:: EXERCISE DIRECTIONS ::
Using the data below, print exactly the line with "Make sight word", the line with "CHANEL knit 85%", and every line between them, but none of the pictures.

:: EXERCISE DATA ::
+ + + +

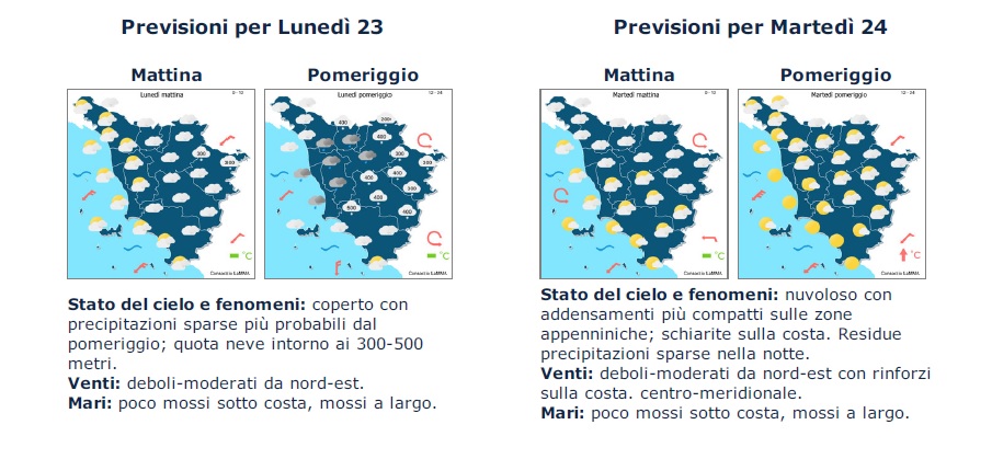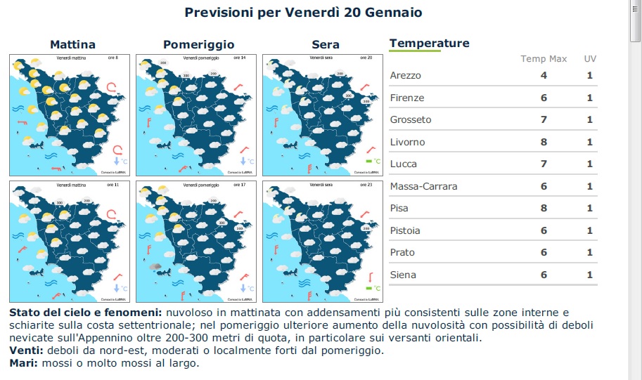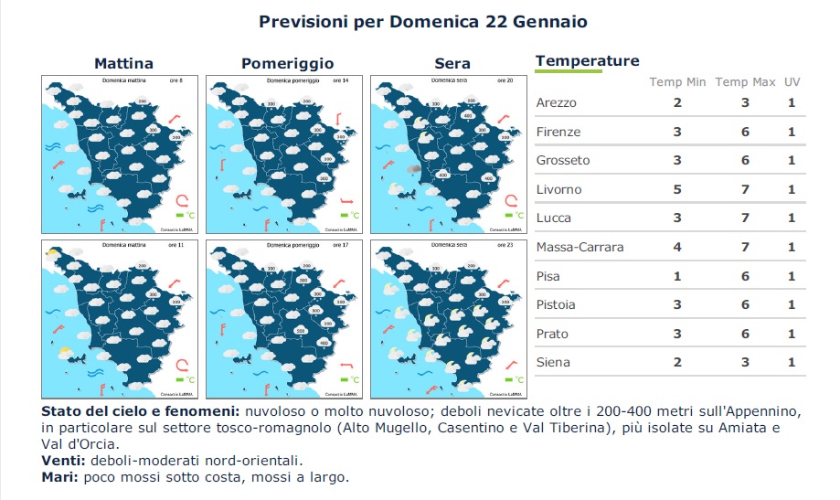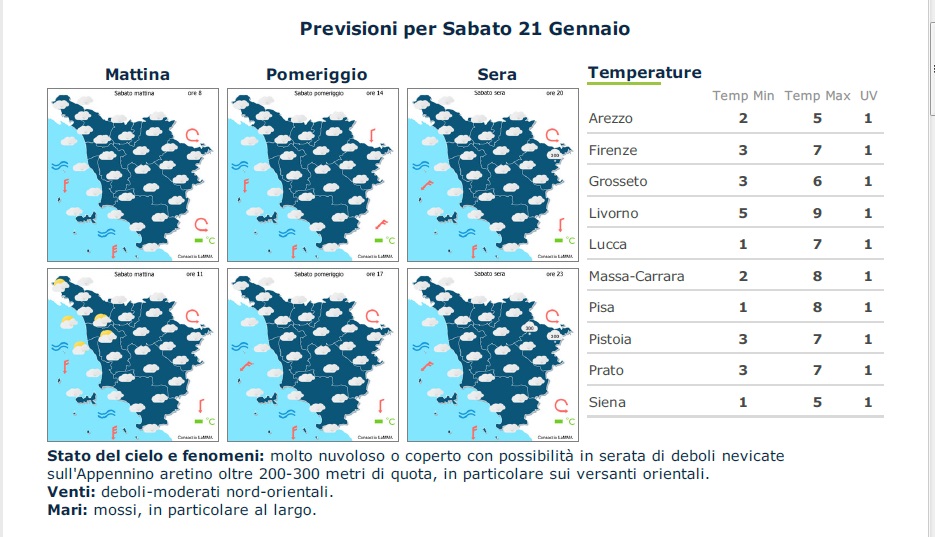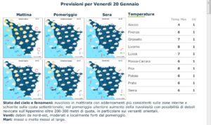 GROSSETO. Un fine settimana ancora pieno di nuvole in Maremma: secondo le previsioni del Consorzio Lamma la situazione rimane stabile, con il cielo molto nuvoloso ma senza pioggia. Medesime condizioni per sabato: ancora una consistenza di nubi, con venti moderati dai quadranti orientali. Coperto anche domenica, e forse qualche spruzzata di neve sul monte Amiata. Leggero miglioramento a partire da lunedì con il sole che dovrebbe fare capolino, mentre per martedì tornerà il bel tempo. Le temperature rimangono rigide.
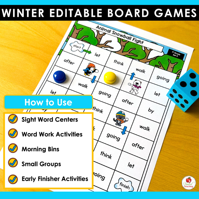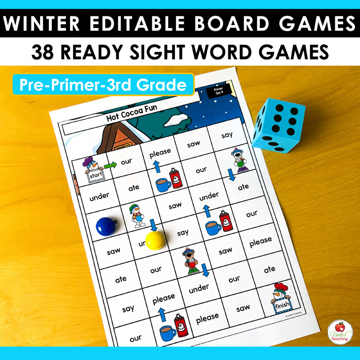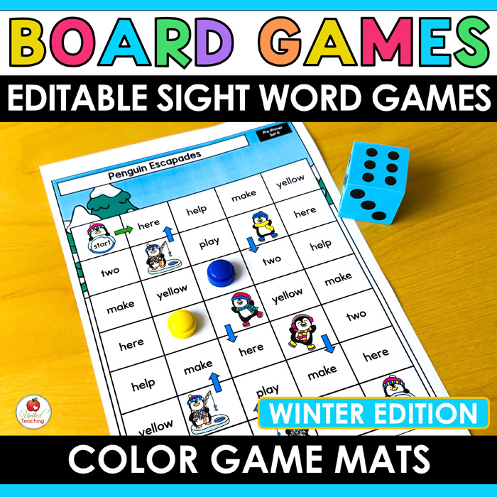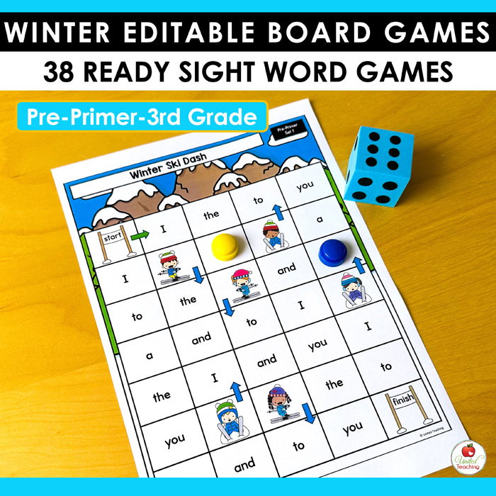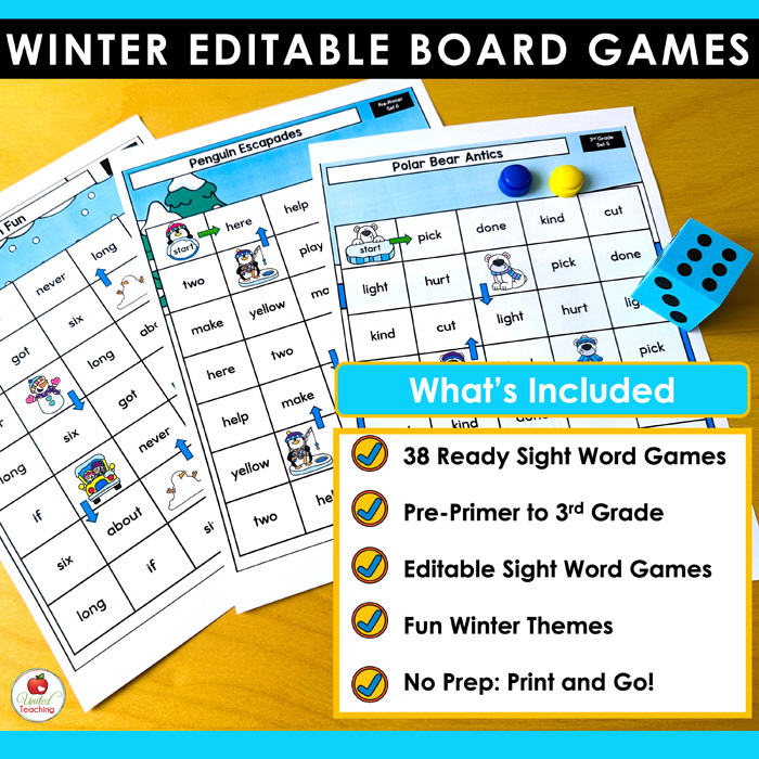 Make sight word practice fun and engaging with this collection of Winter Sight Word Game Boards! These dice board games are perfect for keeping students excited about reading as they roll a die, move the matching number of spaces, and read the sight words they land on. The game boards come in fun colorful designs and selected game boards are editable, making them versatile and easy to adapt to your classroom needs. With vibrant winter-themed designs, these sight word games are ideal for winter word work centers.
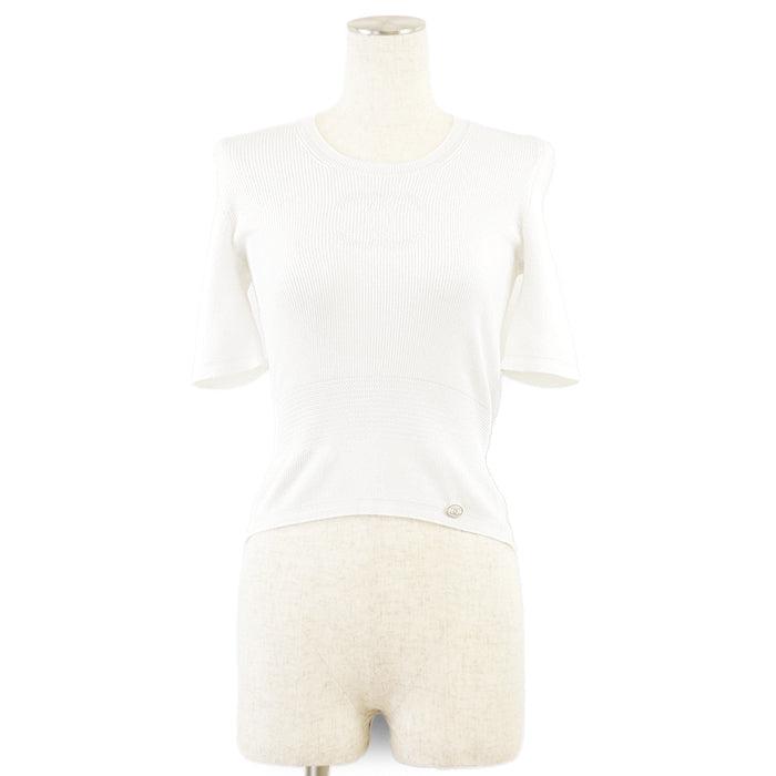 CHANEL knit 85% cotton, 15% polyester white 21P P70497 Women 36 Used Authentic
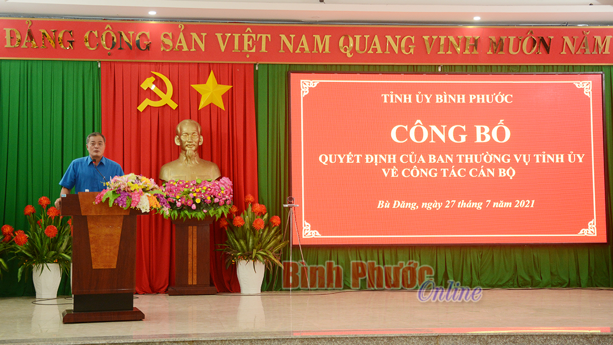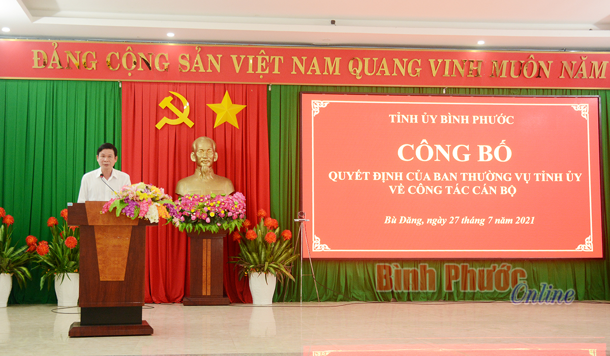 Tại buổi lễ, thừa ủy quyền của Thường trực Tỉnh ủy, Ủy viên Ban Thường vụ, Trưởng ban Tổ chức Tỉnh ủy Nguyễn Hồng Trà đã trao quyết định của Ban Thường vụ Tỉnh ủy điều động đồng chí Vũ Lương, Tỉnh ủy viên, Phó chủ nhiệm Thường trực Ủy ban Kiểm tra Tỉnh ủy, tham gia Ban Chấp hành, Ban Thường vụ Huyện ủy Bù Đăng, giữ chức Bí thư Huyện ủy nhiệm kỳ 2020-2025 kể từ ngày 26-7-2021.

+ + + +

:: ANSWER TO THIS EXERCISE ::
 Make sight word practice fun and engaging with this collection of Winter Sight Word Game Boards! These dice board games are perfect for keeping students excited about reading as they roll a die, move the matching number of spaces, and read the sight words they land on. The game boards come in fun colorful designs and selected game boards are editable, making them versatile and easy to adapt to your classroom needs. With vibrant winter-themed designs, these sight word games are ideal for winter word work centers.
 CHANEL knit 85% cotton, 15% polyester white 21P P70497 Women 36 Used Authentic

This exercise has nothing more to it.